Naoko Tanaka ist, wie Sie vielleicht wissen, in Japan aufgewachsen; sie studierte in Tokio Bildende Kunst und Malerei, ehe sie Ende der 1990er Jahre als Stipendiatin der Kunstakademie Düsseldorf nach Deutschland kam. Hier gründete sie zusammen mit dem Choreographen Morgan Nardi das Künstlerkollektiv Ludica, das in den folgend.

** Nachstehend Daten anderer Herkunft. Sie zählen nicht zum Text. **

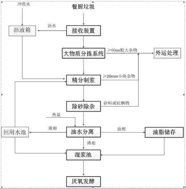 慈溪餐廚垃圾預(yù)處理工藝采用機(jī)械精細(xì)化分揀制漿工藝,即“物料接收+大物質(zhì)分揀+精分制漿+除砂除雜+油水分離”工藝,通過大物質(zhì)分揀+精分制漿+除砂除雜逐級減量化設(shè)計,可有效去除物料中的雜物,保證了最大化地將一些對后道工序設(shè)備損壞最大的硬性物質(zhì)如:瓷盤、玻璃瓶、金屬物質(zhì)、貝殼、骨頭等和纖維類輕性物質(zhì)如:塑料、餐巾以及砂粒和輕飄物如塑料、辣椒籽、木質(zhì)纖維等有效地分離出來,得到的液相做油脂分離,避免這些物質(zhì)對輸送泵組、離心提油設(shè)備的磨損和堵塞。

Jahren zahlreiche Performances und Tanzinstallationen realisierte.

Die Scheinwerferin: Ein neues Format „Die Scheinwerferin“, vor mehr als sechs Jahren uraufgeführt, ist Tanakas erstes Solostück.     

Mit dieser Arbeit hat sie etwas geschafft, was nur wenigen Künstlerinnen und Künstlern gelingt: Sie hat – das kann man wohl ohne Übertreibung sagen – ein eigenes Format begründet, das Elemente aus der bildenden Kunst, aus dem Theater und dem zeitgenössischen Tanz auf eine ganz besondere Weise kombiniert. 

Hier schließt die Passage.